Stop and Look: Mother with Dead Child by Kollwitz
Kollwitz's subject matter was almost exclusively the human figure, often under extreme emotional stress.
There is an uncompromising, elemental violence in this image that shocks us despite its statuesque stillness, and the fact that the figures are generalised to the point of anonymity. Although it is vivid and immediate, it is not a personal likeness of an individual enduring bereavement, but a universal image of grief projected on a very grand scale which nevertheless succeeds in affecting us by the poignancy of the emotion conveyed. In this, it exemplifies Kollwitz’s remarkable achievement. Her subject matter was almost exclusively the human figure, often under extreme emotional stress. As we see here, she wasn’t confined by the print medium to working on a small scale. This etching seems to unite the intimacy of a print with the force and scale of life-size carving.

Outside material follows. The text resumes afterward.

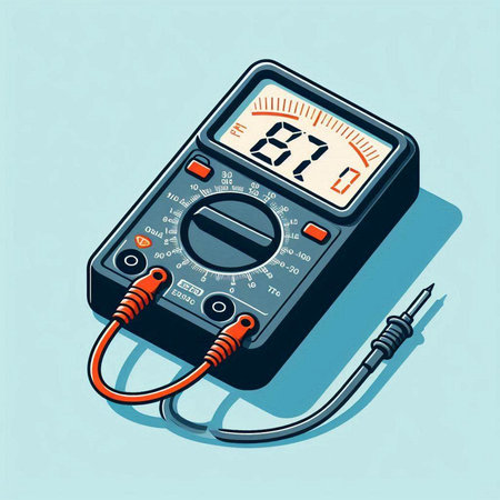 Digital Multimeter on Blue Background with Red and Black Probes for Electrical Measurement

Kollwitz was born Käthe Schmidt in Königsberg, East Prussia, now Kaliningrad and part of Russia. At an early age, she was impressed by the work of Rubens, fine examples of whose large-scale figure compositions she was able to see in Munich, and by the Symbolist etchings of Max Klinger (1857-1920). It was soon evident that her primary subject matter would concern human suffering and the harshness of existence. She was to live through both World Wars and lose one of her two sons in the first.
As this image powerfully demonstrates, she had already at the start of the century plumbed the deepest horrors of experience. She worked in all the media of visual art but her most memorable work is in the form of etchings or sculpture, in both of which media she achieved exceptional grandeur and pathos. She was drawn to the gritty realism of Emile Zola’s novels, and began a set of illustrations to his famous treatment of unrest in a mining community, Germinal (1885).
In 1888, she married a doctor, Karl Kollwitz, with strong political leanings and a founder of the Social Democratic party, in which she too became actively involved. Her humanitarian concern was expressed in her lifelong engagement with left-wing politics: she became an active Socialist and in due course joined the Communist party. But the power and sincerity of her work have a relevance that is far from being wholly political and her prints were admired and collected throughout her lifetime in both England and the United States as well as Germany and elsewhere in Europe.
Kollwitz is often grouped with the German Expressionists, with whom she has much in common. But there is a searing honesty in her depictions of human suffering that makes the distortions and bright colours of the Expressionists seem self-conscious, mannered and almost artificial. She deserves an honourable position of her own in the art of a terrible epoch.